• **AIM OF THE EXERCISE**: The entries below hold a line with "vintage brass bronze" and a line with "Миска для котів". Return those lines and all that lie between them, exactly and only.

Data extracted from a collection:
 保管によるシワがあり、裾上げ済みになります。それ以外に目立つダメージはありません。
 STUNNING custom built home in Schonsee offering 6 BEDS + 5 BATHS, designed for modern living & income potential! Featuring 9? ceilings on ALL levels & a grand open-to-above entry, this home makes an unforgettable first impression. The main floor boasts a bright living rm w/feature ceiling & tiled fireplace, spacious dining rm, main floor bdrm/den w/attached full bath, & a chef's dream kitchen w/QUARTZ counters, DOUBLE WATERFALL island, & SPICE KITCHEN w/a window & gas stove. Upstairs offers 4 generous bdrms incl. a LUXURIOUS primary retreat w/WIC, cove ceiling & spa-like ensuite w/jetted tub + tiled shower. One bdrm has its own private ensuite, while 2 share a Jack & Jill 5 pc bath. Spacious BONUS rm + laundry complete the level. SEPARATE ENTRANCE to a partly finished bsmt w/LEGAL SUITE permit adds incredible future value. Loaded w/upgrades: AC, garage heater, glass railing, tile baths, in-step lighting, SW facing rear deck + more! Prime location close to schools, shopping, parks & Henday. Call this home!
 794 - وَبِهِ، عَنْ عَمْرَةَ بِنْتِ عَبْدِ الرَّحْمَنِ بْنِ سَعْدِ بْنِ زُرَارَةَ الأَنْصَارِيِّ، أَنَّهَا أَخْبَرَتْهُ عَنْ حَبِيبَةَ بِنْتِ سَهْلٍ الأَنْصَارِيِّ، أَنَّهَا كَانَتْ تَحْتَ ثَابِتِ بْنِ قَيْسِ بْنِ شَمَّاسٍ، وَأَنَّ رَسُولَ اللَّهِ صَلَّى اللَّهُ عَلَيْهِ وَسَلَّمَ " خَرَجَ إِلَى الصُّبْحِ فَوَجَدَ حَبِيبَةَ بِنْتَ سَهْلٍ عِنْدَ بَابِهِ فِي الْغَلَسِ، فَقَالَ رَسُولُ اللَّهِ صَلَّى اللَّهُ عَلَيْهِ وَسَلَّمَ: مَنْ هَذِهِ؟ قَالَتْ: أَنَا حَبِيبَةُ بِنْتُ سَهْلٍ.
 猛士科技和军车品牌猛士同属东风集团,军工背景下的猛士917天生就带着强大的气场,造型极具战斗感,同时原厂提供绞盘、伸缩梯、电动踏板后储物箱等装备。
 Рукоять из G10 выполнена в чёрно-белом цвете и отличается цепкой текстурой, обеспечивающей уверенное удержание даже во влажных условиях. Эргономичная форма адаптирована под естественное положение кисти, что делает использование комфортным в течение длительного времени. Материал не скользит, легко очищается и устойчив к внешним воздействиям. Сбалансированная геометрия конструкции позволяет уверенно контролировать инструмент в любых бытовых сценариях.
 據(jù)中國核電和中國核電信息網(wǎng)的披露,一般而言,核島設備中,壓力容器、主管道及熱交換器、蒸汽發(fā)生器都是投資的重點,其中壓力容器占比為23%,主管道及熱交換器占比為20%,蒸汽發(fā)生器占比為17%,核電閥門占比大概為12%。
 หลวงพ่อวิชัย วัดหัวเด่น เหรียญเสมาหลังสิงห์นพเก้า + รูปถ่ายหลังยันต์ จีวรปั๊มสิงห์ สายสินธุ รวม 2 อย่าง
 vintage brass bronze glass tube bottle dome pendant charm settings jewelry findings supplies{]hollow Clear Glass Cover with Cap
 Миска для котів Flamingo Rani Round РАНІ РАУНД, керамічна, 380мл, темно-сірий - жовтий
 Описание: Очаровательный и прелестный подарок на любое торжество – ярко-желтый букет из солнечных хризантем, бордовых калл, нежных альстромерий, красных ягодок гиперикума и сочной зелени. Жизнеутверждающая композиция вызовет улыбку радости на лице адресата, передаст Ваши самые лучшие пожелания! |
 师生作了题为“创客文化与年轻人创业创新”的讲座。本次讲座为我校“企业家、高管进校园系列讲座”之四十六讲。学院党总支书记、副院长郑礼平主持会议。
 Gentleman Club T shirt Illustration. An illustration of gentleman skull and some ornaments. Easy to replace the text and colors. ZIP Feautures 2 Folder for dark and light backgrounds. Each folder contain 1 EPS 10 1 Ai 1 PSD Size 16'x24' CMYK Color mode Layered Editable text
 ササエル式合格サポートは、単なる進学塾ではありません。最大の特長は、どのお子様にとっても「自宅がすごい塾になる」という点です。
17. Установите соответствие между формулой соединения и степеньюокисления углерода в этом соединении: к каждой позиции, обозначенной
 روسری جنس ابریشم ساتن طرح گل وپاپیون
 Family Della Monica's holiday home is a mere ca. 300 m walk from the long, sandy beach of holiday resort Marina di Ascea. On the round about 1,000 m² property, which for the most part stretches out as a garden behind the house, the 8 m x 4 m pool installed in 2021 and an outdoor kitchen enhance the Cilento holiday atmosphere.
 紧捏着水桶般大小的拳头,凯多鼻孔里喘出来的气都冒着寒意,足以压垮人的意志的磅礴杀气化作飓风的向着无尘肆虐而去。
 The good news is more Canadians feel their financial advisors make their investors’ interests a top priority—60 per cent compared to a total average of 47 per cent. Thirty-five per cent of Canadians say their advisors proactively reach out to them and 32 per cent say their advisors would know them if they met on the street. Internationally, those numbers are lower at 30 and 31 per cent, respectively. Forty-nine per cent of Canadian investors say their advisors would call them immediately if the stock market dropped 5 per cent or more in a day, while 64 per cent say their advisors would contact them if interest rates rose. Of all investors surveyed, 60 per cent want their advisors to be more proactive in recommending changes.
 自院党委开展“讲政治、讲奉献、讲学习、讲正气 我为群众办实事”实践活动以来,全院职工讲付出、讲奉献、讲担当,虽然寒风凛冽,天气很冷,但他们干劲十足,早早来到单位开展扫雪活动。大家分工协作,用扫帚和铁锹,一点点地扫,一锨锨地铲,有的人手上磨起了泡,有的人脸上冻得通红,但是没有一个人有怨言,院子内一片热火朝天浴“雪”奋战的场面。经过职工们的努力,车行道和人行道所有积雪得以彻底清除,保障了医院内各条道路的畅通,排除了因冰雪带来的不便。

• **TASK RESULT**:
 vintage brass bronze glass tube bottle dome pendant charm settings jewelry findings supplies{]hollow Clear Glass Cover with Cap
 Миска для котів Flamingo Rani Round РАНІ РАУНД, керамічна, 380мл, темно-сірий - жовтий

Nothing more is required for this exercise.